The impacts of the built environment on cycling have also been extensively studied. Heinen (32) highlighted a positive correlation between population density and cycling trip rate. Guo and He (33) revealed that population density is unassociated with to-metro bike-sharing use. Tu et al. (34) concluded that cycling trip frequency is positively correlated with the proportion of residential land and green space area, floor area ratio (FAR), and road density but is negatively related to intersection density. Wang and Chen (35) found that certain indicators, such as land-use mix and access to commercial service facilities, are positively associated with cycling. Kaltenbrunner et al. (36) carried out a cycling study in Barcelona and revealed that people's demand for cycling increases when they enter the city from the edge. Many scholars agree that supporting facilities, such as bicycle lanes and stations, parking spaces, signal lights, and drinking facilities, have a discernable impact on cycling (37, 38).

Data

Study Area

As the capital of Sichuan Province (China), Chengdu is one of the national central cities as well as core cities in West China. Chengdu is located in the west of the Sichuan Basin and has a subtropical monsoon humid climate. Besides, Chengdu enjoys the honor of a “Park City,” a national forest city, as well as a national civilized city. As of the end of 2020, the permanent resident population of Chengdu was 20.94 million, according to the data of the Seventh National Census. The GDP reached 1,771.67 billion yuan.

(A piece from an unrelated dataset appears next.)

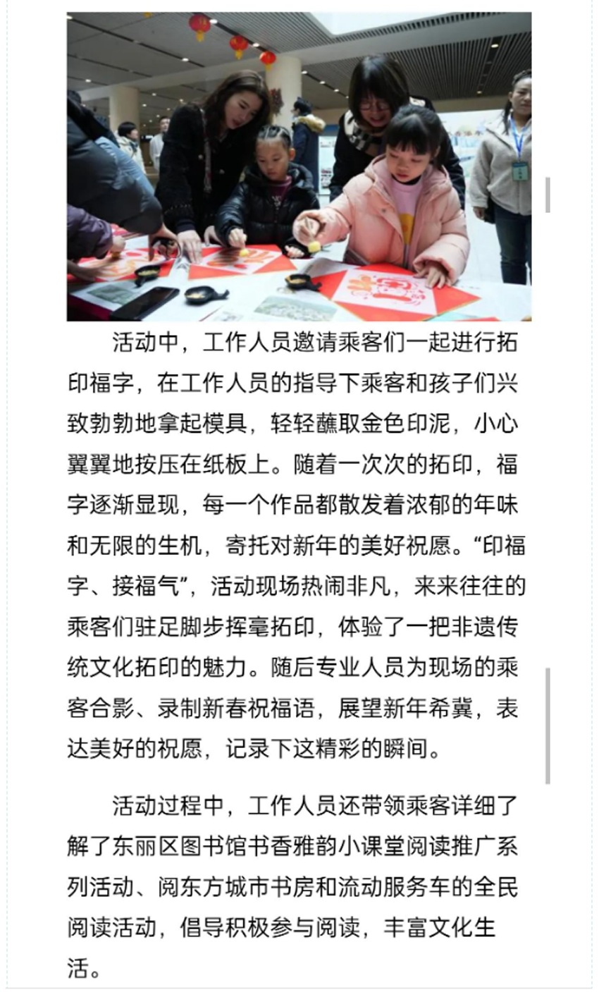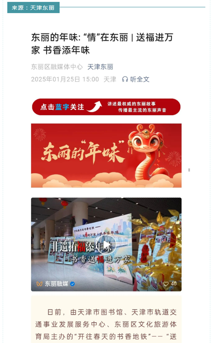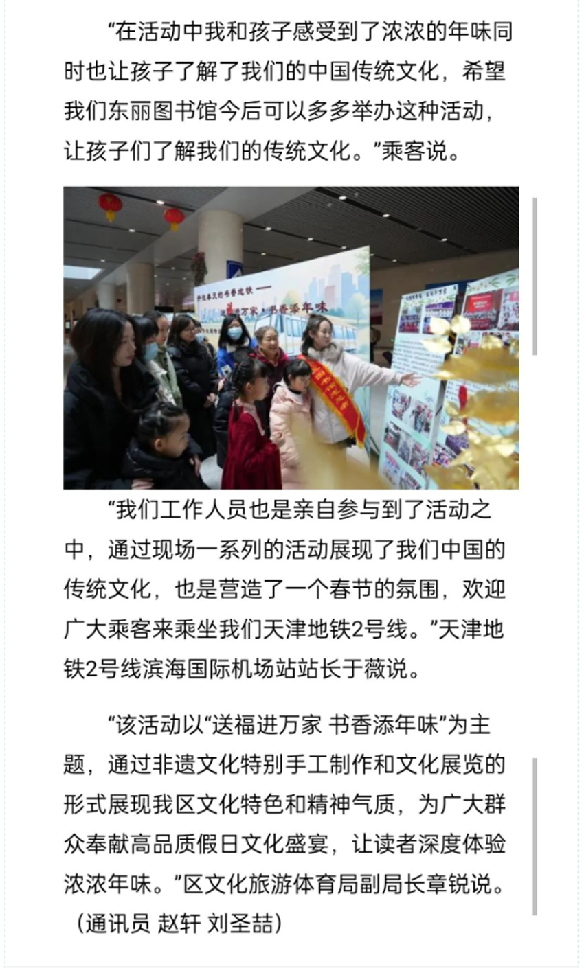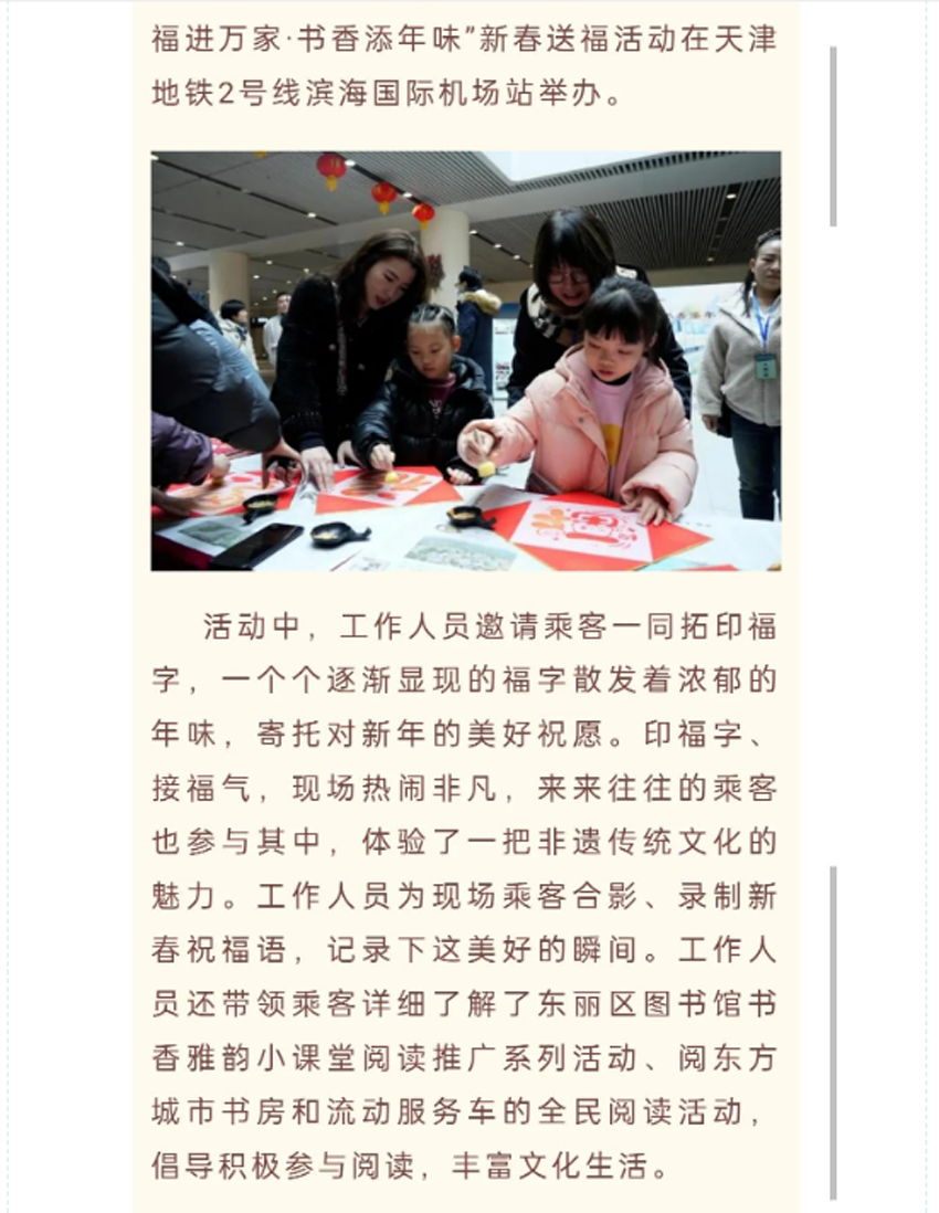 媒体镜头中的东丽区图书馆:“开往春天的书香地铁”—— “送福进万家·书香添年味”新春送福特别活动

This study selects five districts in central Chengdu (wu chengqu; namely Jinniu, Qingyang, Jinjiang, Chenghua, and Wuhou districts) as the study area (Figure 1).

FIGURE 1

Figure 1. The study area: central Chengdu.

Strava Data

Strava is one of the largest sports/exercise apps in the world, and currently, it has more than 50 million users worldwide. This app allows users to track their cycling, running, water, and winter activities and has an interactive map display interface to present the Strava Heatmap of all its users across the globe. Notably, walking data is not recorded in Strava.

In 2021, Strava had 1.8 billion physical activity records, representing an annual increase of 38%. The Strava Heatmap not only provides road information and preferred routes for runners and cyclers but also offers the physical activity track distribution with a monthly update.

We collected the distribution map of cycling and running tracks in Chengdu in December 2021 from the official website of Strava (https://www.strava.com/heatmap) and obtained the cycling and running heat data. Afterward, we divided our study area into 500 × 500 m grids through the grid processing feature in GIS. We obtained the cycling and running intensity/index in each grid. The spatial distribution of the two indices is shown in Figure 2.

FIGURE 2

Figure 2. The spatial distribution of the two indices. (A) Cycling index. (B) Running index.

Built Environment Data

As a new data source, POI (point of interest) data can reflect the spatial layout characteristics of various service facilities. We used Python to crawl POI data in Chengdu from the Gaode map (https://www.amap.com/) and to obtain information on number of residential buildings, enterprises, schools, and stadiums in the 500 × 500 m grid. We calculated the land-use mix degree using 22 POI categories.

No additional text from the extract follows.